7. Media Watch is far better than Q & A. This is more just a personal opinion than anything else because Media Watch is a show about analytics and facts and trying to dig through the garbage that is the media at large. I wish I ran the ABC to make that show run every goddamn day of my life. I would give Paul Barry a golden throne to sit at and just yell “MEDIA WATCH!” at the start of every episode as if we rebooted Gladiators, but this time, he deploys a group of researchers and experts who go out and shows every single TV show and website about how horrible they are at Fact Checking™. At the end of every week, they literally get the worst journalists and hose them down with bile and watch their skin and clothes burn before screaming MEDIA WAAAATCH yet again. (They obviously give them clothes and tend to their wounds after the show because Mr. Barry is a benevolent God.)
Q & A is good. It’s good to have this debate. Other people say it’s pointless, but at the very least it gets politicians and human muppets face to face with the people they talk about every day when they say “society” or just “they”. It’s not a horrible show and far better than almost anything on Sky News or any show that pretends to have a “debate” when the whole panel is male and they’re talking about gender diversity in the workplace or about the lack of colourful pigmentation on Australian screens and they all look like a group of people auditioning to play the Ghost of Christmas Past without any make up on.

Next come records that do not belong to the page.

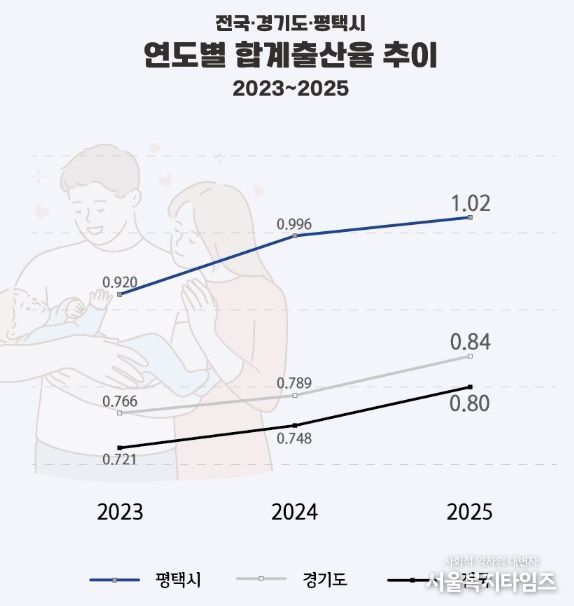 국가데이터처가 발표한 2025년 잠정 합계출산율에 따르면 평택시는 2024년 0.996에서 2025년 1.02로 상승하며 다시 1.0명을 넘어섰다. 2023년(0.92) 이후 2년 연속 상승이다.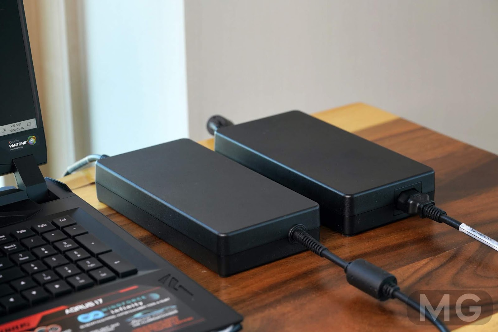 물론 어댑터 하나만 있어도 제 성능을 똑같이 내긴 합니다. 그럼에도 기가바이트 노트북은 두배 정석 세팅을 고수했는데요. 전력 관리 설계에 자부심이 느껴지는 대목입니다.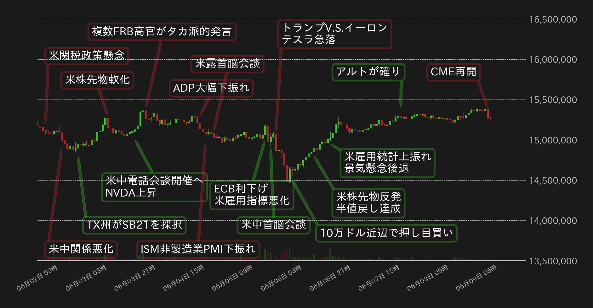 週央まで1500万円周辺で方向感に欠ける展開が続いた先週のBTC円だったが、「トランプ減税」法案を巡ってトランプ氏とマスク氏が批判の応酬を繰り広げたことで、5日の米株市場ではテスラが急落し、BTCも連れて一時1450万円周辺まで水準を下げた。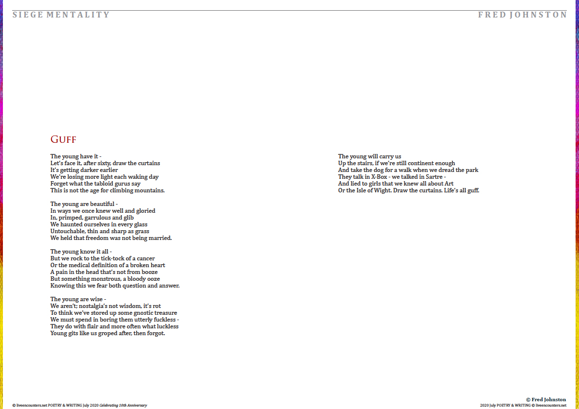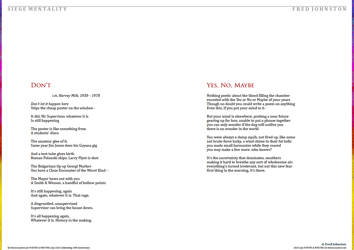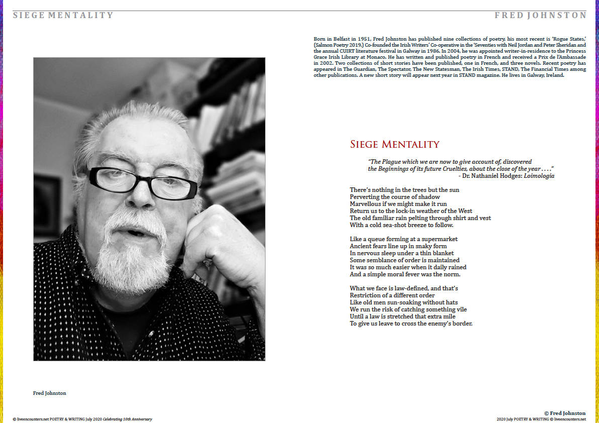 Born in Belfast in 1951, Fred Johnston has published nine collections of poetry, his most recent is ‘Rogue States,’ (Salmon Poetry 2019.) Co-founded the Irish Writers’ Co-operative in the ‘Seventies with Neil Jordan and Peter Sheridan and the annual CUIRT literature festival in Galway in 1986. In 2004, he was appointed writer-in-residence to the Princess Grace Irish Library at Monaco. He has written and published poetry in French and received a Prix de l’Ambassade in 2002. Two collections of short stories have been published, one in French, and three novels. Recent poetry has appeared in The Guardian, The Spectator, The New Statesman, The Irish Times, STAND, The Financial Times among other publications. A new short story will appear next year in STAND magazine. He lives in Galway, Ireland.

8. I would rather spend a full 20 hours on a creative project than 2 hours at work any day of the week. My goal at the beginning of this year was to spend the first two months working on content every single day, even if it was for just an hour a day. So far the results have been quite good. More than 30,000 views on content and reaching more than 500,000 people on 3 different platforms and collaborating with more than two dozen different people in the first month. Yes, the sickness was a set back and counted as “research time” considering all I could do was sleep, vomit and read. I also found that creating content is getting more and more fulfilling.
I’ve long thought of the hard slog of working through making content as being this grinding process and now that I’ve started to take it seriously, nearly 55 days in, I’ve found it keeps getting easier and easier as the days go on. Yes, sometimes I’m up till 1am making those fine tweaks on an animation or just making sure the sound is right just before an upload, but I got to sleep so satisfied and content that I just can’t wait for people to watch or listen to it. Even if it’s just a 100 people, it’s nice to know they took to the time to consume it. I know I can’t make a living out of it. I know that’s not realistic. I know I don’t have enough people to support me, I know I don’t have a big audience, I know it all takes time, but I know that when and if that day does come, I’ll be ready — I’ll be so goddamn ready, I’ll be there with fucking bells on and a whistle to start my own fucking race.

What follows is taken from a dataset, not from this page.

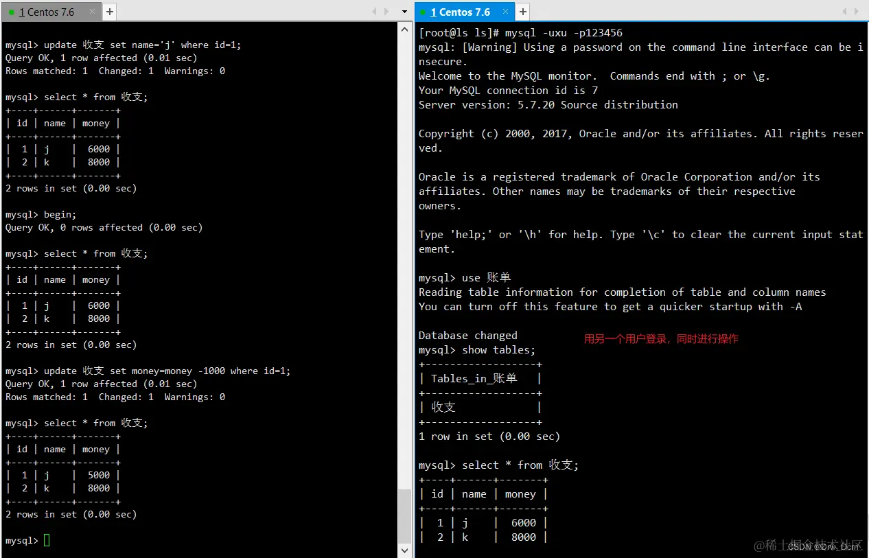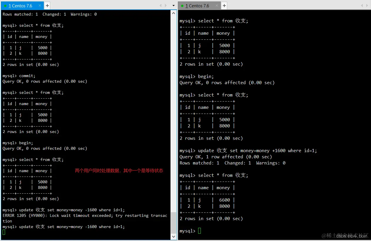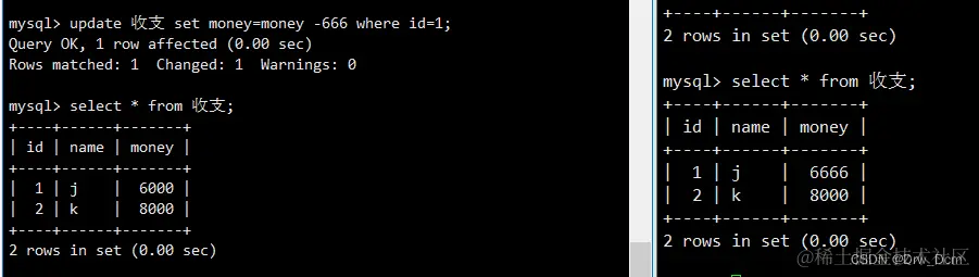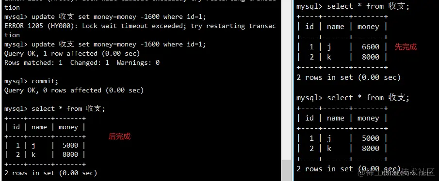 (2)不可重复读(前后多次读取,数据内容不一致)

9. Life is too short not to block people who do nothing but repeatedly offer up comments without any facts or reasoning to their opinions. Especially if they continue to fight semiotics and semantics and not the fact that the people in power are not only in power due to influence and wealth, but also because they have a great control of their narrative. At the end of the day, the people who are poor and fight for the rich, will not only end up with empty pockets and an empty soul, but also will continue to fight for something emptier than their arguments.

10. I have a lot of friends who are doing more creatively than most people with full Hollywood films. I appreciate that so much. They're also way more photogenic, kind and friendly than their running gags and absurd behaviour would have you believe.

So anyway, 6 days and a couple of days without posting content and checking social media every goddamn hour of everyday is pretty great. I’d highly recommend it. Delete the Facebook app just for a day. If you can do it for Uber after literally 3 years of doing horrible shit. Keep Messenger, you know just in case, but look, I’m not your Dad I’m not gonna tell you how to run your life. The point is right now, my life is pretty good and I take a lot of it for fucking granted and I should keep making stuff.